A complete example: the support endpoint
Here is the support assistant endpoint that combines everything in this post:
@Configuration
class AiConfig {
@Bean
ChatClient supportClient(ChatClient.Builder builder) {
return builder
.defaultSystem("""
You are a customer support assistant for TechGadgets, an online electronics store.
Answer only questions about products, orders, and store policies.
If you cannot help, say: "I don't have that information right now."

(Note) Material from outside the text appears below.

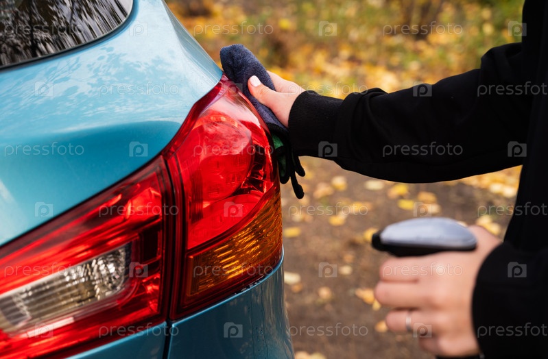 Фотография крупным планом, изображение молодой женщины, водителя, сухой протирки машины тканью из микрофибры после мытья, чистки автомобиля, окон автомобиля. Транспортное самообслуживание, концепция ухода. Защита краски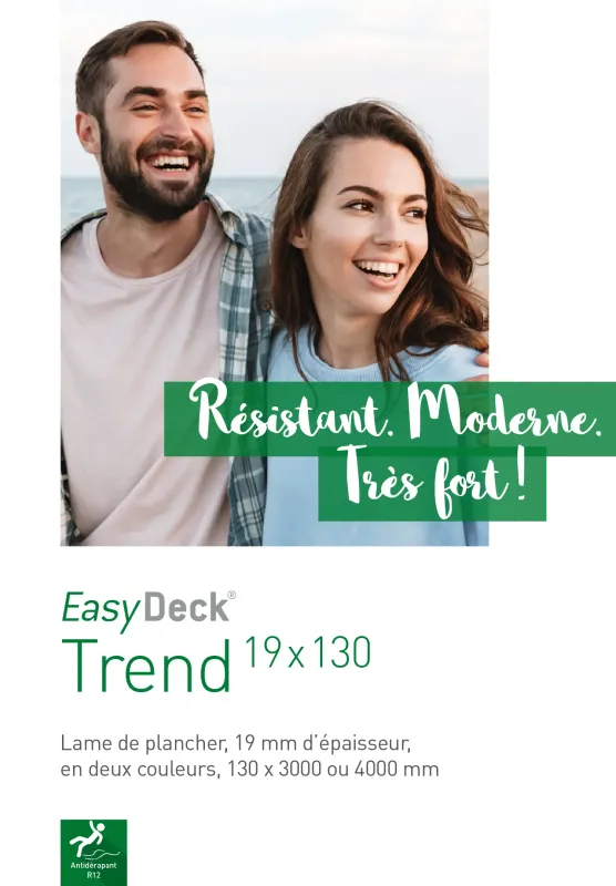 Avec ses 19 mm d’épaisseur, notre lame Trend 19x130 est vraiment forte. La lame a deux faces différentes. Une surface présente de fines stries et l’autre est rainurée. Les deux faces sont disponibles à la pose en couleur Terra ou Graphite. Les lames antidérapantes et dont la couleur reste stable dans le temps vous permettent de moderniser et d’améliorer la sécurité de votre espace extérieur !

Keep responses to 2–4 sentences.
""")
.defaultOptions(OpenAiChatOptions.builder()
.model("gpt-4o-mini")
.temperature(0.2)
.maxTokens(400)
.build())
.defaultAdvisors(new SimpleLoggerAdvisor())
.build();
}
}
@RestController
@RequestMapping("/api/support")
class SupportController {
private final ChatClient chatClient;
SupportController(@Qualifier("support") ChatClient chatClient) {
this.chatClient = chatClient;
}
@PostMapping("/chat")
SupportResponse chat(@RequestBody SupportRequest request) {
String answer = chatClient.prompt()
.user(request.question())
.call()
.content();
return new SupportResponse(answer);
}
}
record SupportRequest(String question) {}
record SupportResponse(String answer) {}
This is the foundation the support assistant is built on. Every module adds a layer: RAG (Module 4) to ground answers in real data, memory (Module 5) to make conversations stateful, tools (Module 6) to check live order status.
Note: The
ChatClientAPI is deliberately fluent and shallow — you can build a working endpoint in 10 lines. The depth is in advisors, structured output, and streaming, which the next three posts cover one at a time.